We are offering 5,000,000 shares at a fixed price of $0.10 per share even if a public trading market for our common shares develops.  The $0.10 fixed per share offering price for the duration of this offering was arbitrarily chosen by management. There is no relationship between this price and our assets, earnings, book value or any other objective criteria of value.

 

This offering is being made by us without the use of outside underwriters or broker-dealers.  The shares to be sold by us will be sold on our behalf by our President, Duan Fu.  Mr. Fu will not receive commissions or proceeds or other compensation from the sale of any shares on our behalf.

 

Mr. Fu will not register as a broker-dealer pursuant to Section 15 of the Exchange Act, in reliance upon Rule 3a4-1, which sets forth those conditions under which a person associated with an issuer may participate in the offering of the issuer's securities and not be deemed to be a broker-dealer.

 

1. Mr. Fu is not subject to a statutory disqualification, as that term is defined in Section 3(a)(39) of the Act, at the time of his participation;

 

2. Mr. Fu will not be compensated in connection with his participation by the payment of commissions or other remuneration based either directly or indirectly on transactions in securities;

 

3. Mr. Fu is not, nor will he be at the time of participation in the offering, an associated person of a broker-dealer; and

 

4. Mr.
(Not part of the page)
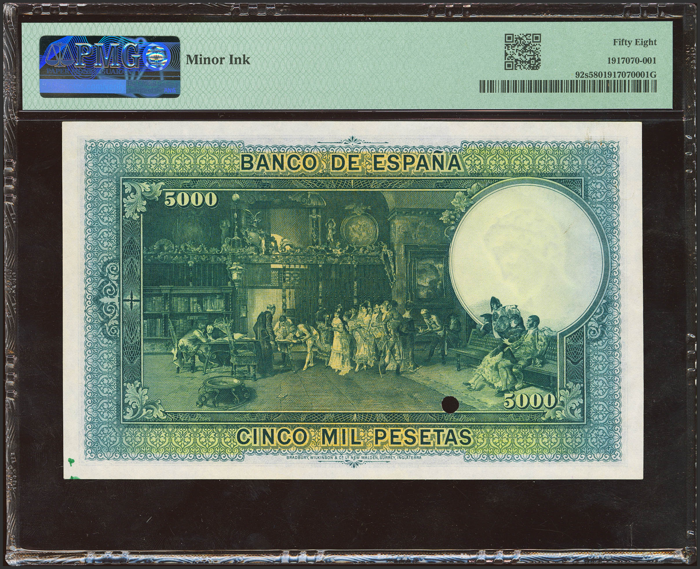 5000 Pesetas. 11 de Junio de 1938. Sin numeración y el sello de Bradbury sobre el espacio destinado a la firma del cajero. (Edifil 2023: NE35M, Pick: 92). Extraordinariamente raro y muy espectacular, en total no se conocen más de diez ejemplares y todos ellos en las fases previas a la emisión definitiva que nunca llegó a imprimirse, sin duda estamos ante el billete más icónico del siglo XX junto al de "La Dama de Elche", pero este último no tan raro como el "Fortuny". EBC++. Encapsulado PMG58 (minor ink) (para hacernos idea de la rareza, a fecha 1 de Marzo, este billete es el único calificado en PMG) (a título informativo reseñamos que este ejemplar que procede del archivo Bradbury no presenta la marca de su montaje como la mayoría de billetes procedentes del archivo que si la presentan).El primer intento de emitir un billete de un valor por encima del límite legal de 1000 pesetas data de 1938, durante la Guerra Civil Española, en territorio republicano. La necesidad de poner en circulación denominaciones altas fue cubriéndose mediante la puesta en emisión de los billetes de 500 y 1000 pesetas de 1928, así como las 500 pesetas de 1935 de Hernán Cortés. Sin embargo, la descontrolada inflación republicana exigía mover el listón hasta valores nunca vistos. Es por ello que el Banco de España, trasladado ya a Barcelona, encargó en Abril de 1938 la fabricación de un billete de 5000 pesetas a la casa inglesa Bradbury, Wilkinson and Cº, con la que España venía trabajando desde 1906.El anverso de ese billete muestra un retrato del genial pintor catalán de estilo orientalista, Mariano Fortuny, pintado por él mismo hacia 1873, poco antes de morir. El reverso del billete reproduce el cuadro “La Vicaría”, pintado en 1870 por el propio Fortuny y cuyo grabado en el billete debemos al británico Edward T. Dawson.Este ejemplar de 5000 pesetas de 1938 que mostramos procede directamente del archivo de la casa inglesa Bradbury, Wilkinson and Cº, donde servía como referencia y control.

Fu meets the conditions of paragraph (a)(4)(ii) of Rule 3a4 - 1 of the Exchange Act, in that he: (A) primarily performs, or is intended primarily to perform at the end of the offering, substantial duties for or on behalf of our company, other than in connection with transactions in securities; and (B) is not a broker or dealer, or been an associated person of a broker or dealer, within the preceding twelve months; and (C) has not participated in selling and offering securities for any issuer more than once every twelve months other than in reliance on paragraphs (a)(4)(i) or (a)(4)(iii).

 

Secondary Offering

 

The selling security holders named in this prospectus may sell their shares on a continuous or delayed basis for a period of one year after this registration statement is declared effective.  The selling security holders may sell some or all of their shares in one or more transactions, including block transactions:

 

1. On such public markets as the shares may from time to time be trading;

 

2. In privately negotiated transactions;

 

3. Through the writing of options on the shares;

 

4. In short sales; or

 

5. In any combination of these methods of distribution.

 

The selling security holders named in this prospectus may also sell their shares directly to market makers acting as agents in unsolicited brokerage transactions.  Any broker or dealer participating in such transactions as agent may receive a commission from the selling security holders, or, if they act as agent for the purchaser of such shares, from such purchaser. The selling security holders will likely pay the usual and customary brokerage fees for such services.

 

We are bearing all costs relating to the registration of this offering.  The selling security holders, however, will pay any commissions or other fees payable to brokers or dealers in connection with any sale of the shares.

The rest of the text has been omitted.